/lustre_exporter_slurm

Shim to add user and account labels on lustre_exporter metrics

Primary LanguagePythonGNU General Public License v3.0GPL-3.0

lustre_exporter_slurm

This script is intended to be used with Lustre jobstats and lustre_exporter. The REST requests from prometheus to lustre_exporter will be modified by this script to add user and account labels instead of only $SLURM_JOB_ID.

Metrics from nodes using procname_uid will also be modified, the numerical UID will be extracted and converted to a username and stored in the user label. The application name is also extracted and available in the tags.

A MySQL connection to the slurmdb database is used to extract the user and account from the $SLURM_JOB_ID.

A connection to a ldap server is used to convert numerical uid to a username.

Metric example

Here is an example of the modified metrics with the additional tags:

lustre_job_read_bytes_total{component="ost",jobid="18526388",target="lustre04-OST0007",fs="lustre04",user="user1",account="an_account"} 0
lustre_job_read_samples_total{component="ost",jobid="chmod.3021723",target="lustre04-OST0004",fs="lustre04",application="chmod",user="user2"} 0

This allow native request in prometheus with the new tags, like doing the sum of all the IOPS from a single user with many jobs with 1 Prometheus request.

Graph example

Prometheus can now combined the information of multiple jobs and sum them per user. Example to get the IOPS per user:

topk(20, sum by (user) (rate(lustre_job_stats_total{instance=~"lustre-mds.*"}[5m])))

IOPS per user

(Negative bandwidth means reading from the filesystem in this graph) Bandwidth per user

Bandwitdh per application

Prometheus config

The relabel feature is used to redirect the REST call to the local lustre_exporter_slurm script instead of pooling directly the MDS/OSS.

  relabel_configs:
    - source_labels: [__address__]
      target_label: __metrics_path__
      regex: '(.*):(.*)'
      replacement: '/$1'
    - source_labels: [__address__]
      target_label: instance
    - source_labels: [__address__]
      regex: '(.*):(.*)'
      replacement: '127.0.0.1:8080'
      target_label: __address__

A manual test can be done before modifing prometheus config:

curl 127.0.0.1:8080/lustre04-oss1

The output of this curl should have the new tags, this is what Prometheus will index.

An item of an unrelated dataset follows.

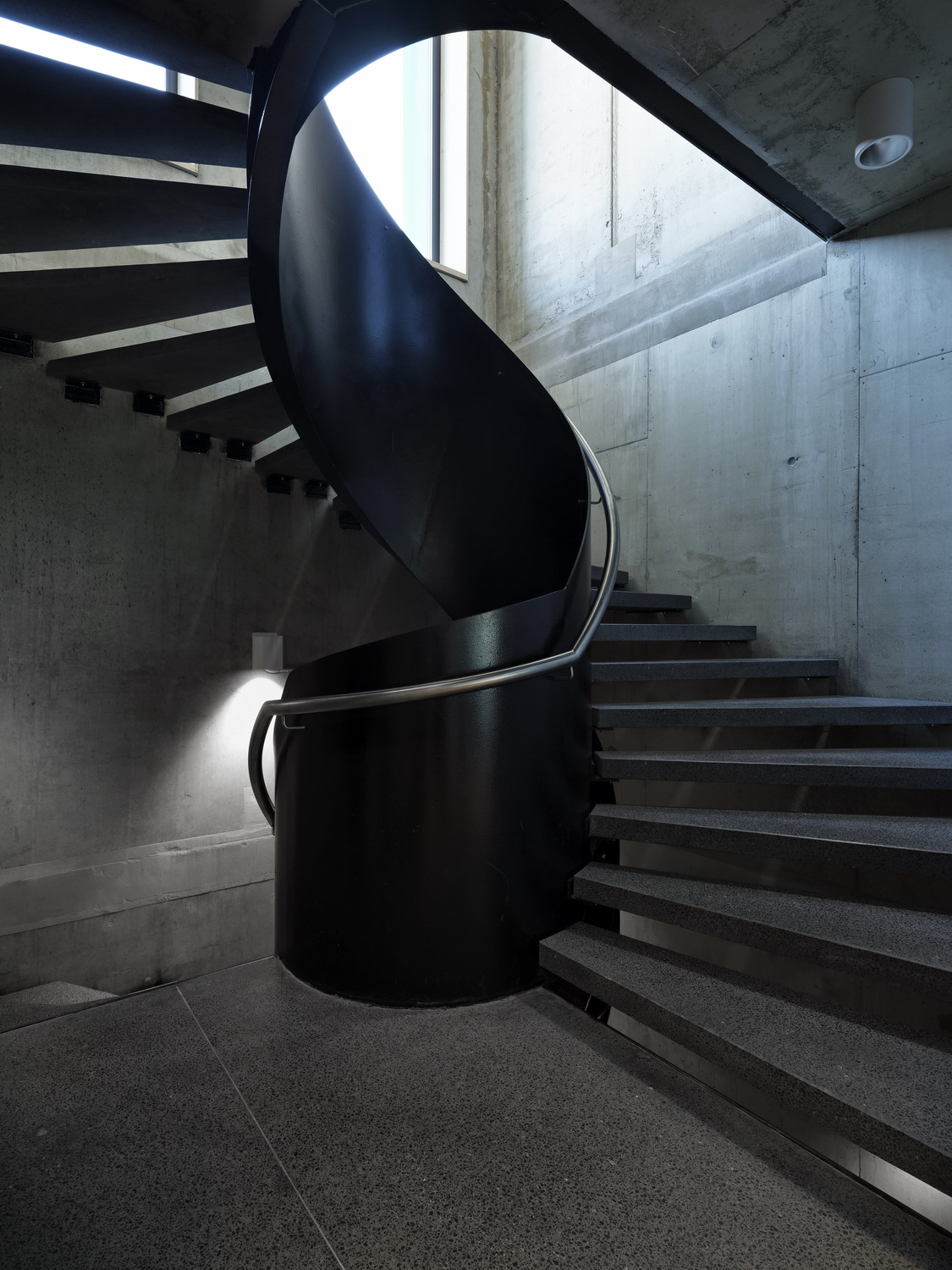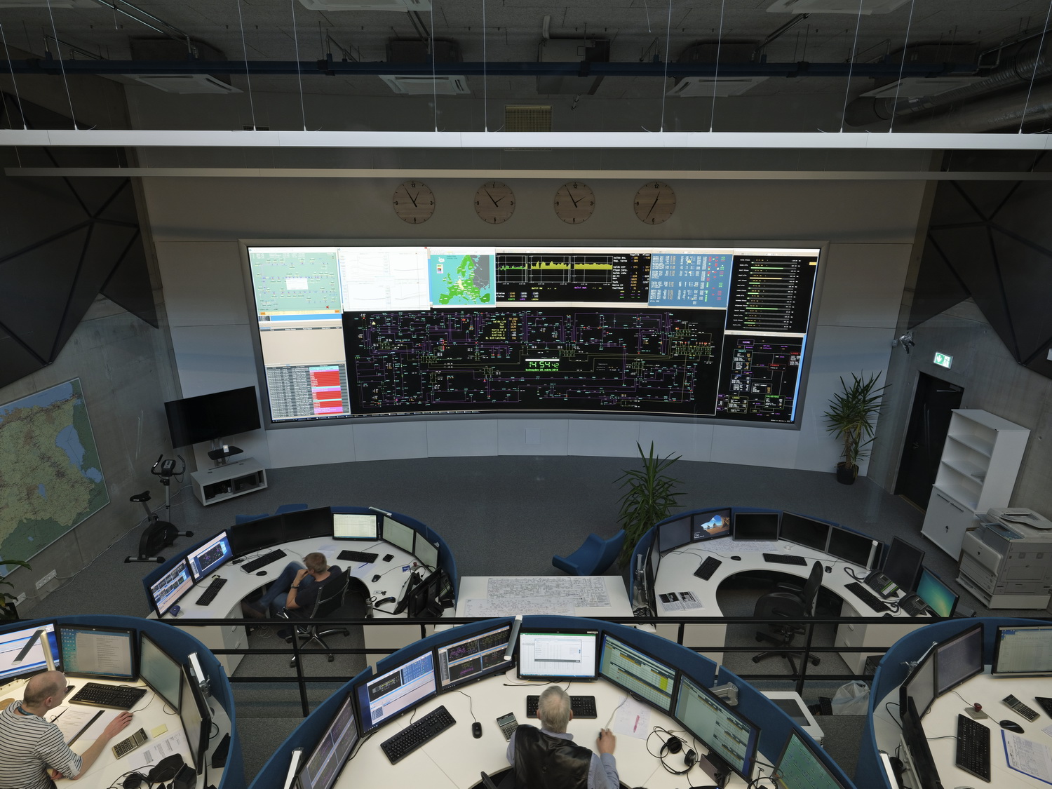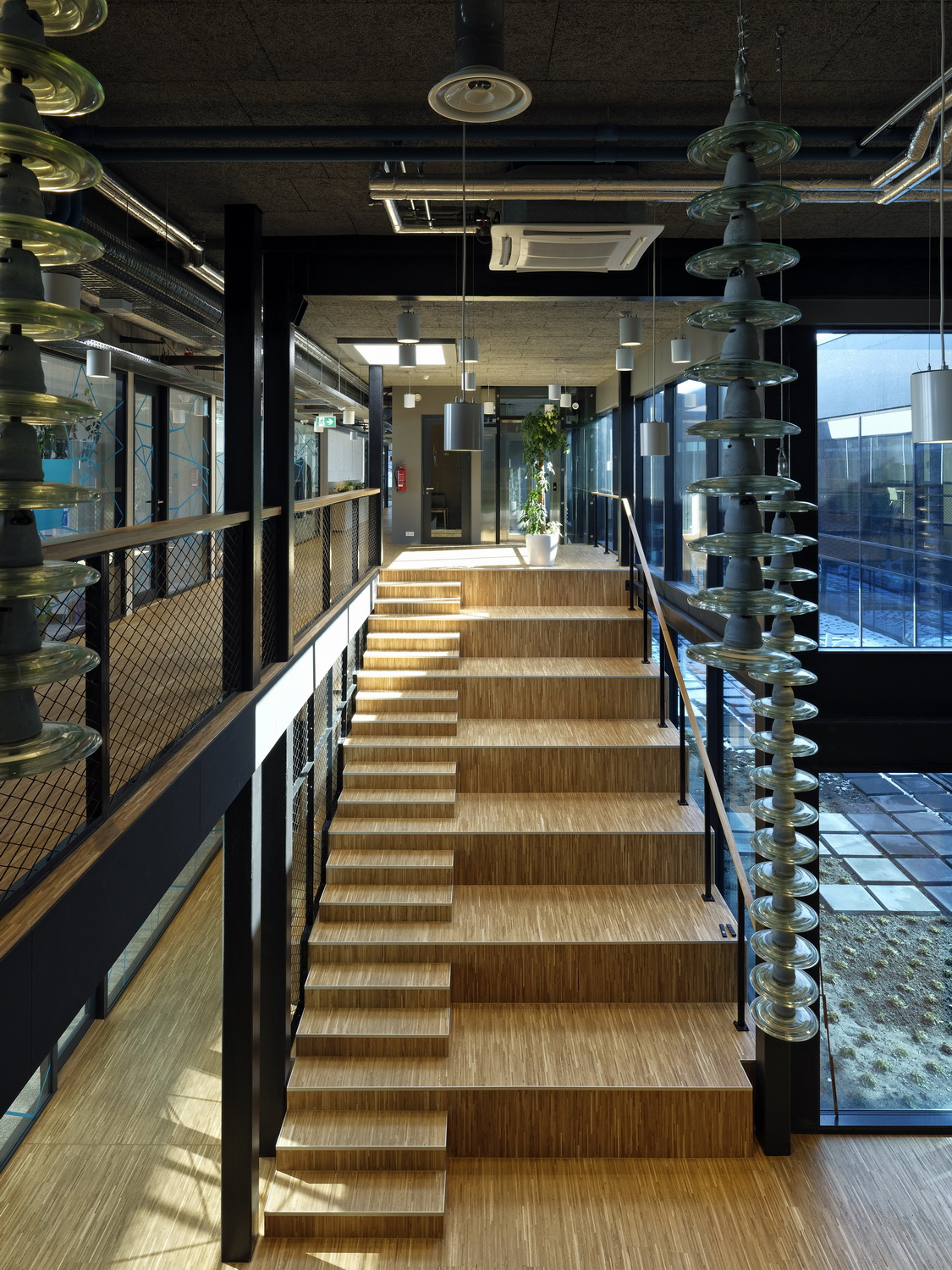 The interior, designed by Stuudio Oü, features a design that similarly echoes the building’s utilitarian function. Spiraling stairwells, built of concrete and steel, vertically course through the east and west elevations of the headquarters, while exposed pipes, cables, and pendant lamps made of recycled insulators line the ceiling and walls. A central vegetative courtyard and a two-story, wood-paneled stairwell, with steps of varying size, are the office block’s principal communal areas. At the core of it all lies the “Brain,” where the nation’s energy transmission network is surveilled through a hippodrome of monitors.

This script is using the hostname specified at the end of the previous url to launch a HTTP request to the lustre server on port 9169, where lustre_exporter is running.

lustre_exporter_slurm config

An example of the expected config is available in config.ini.dist. For the MySQL user in the slurmdb, this can be a read-only user with access only to the job_table table.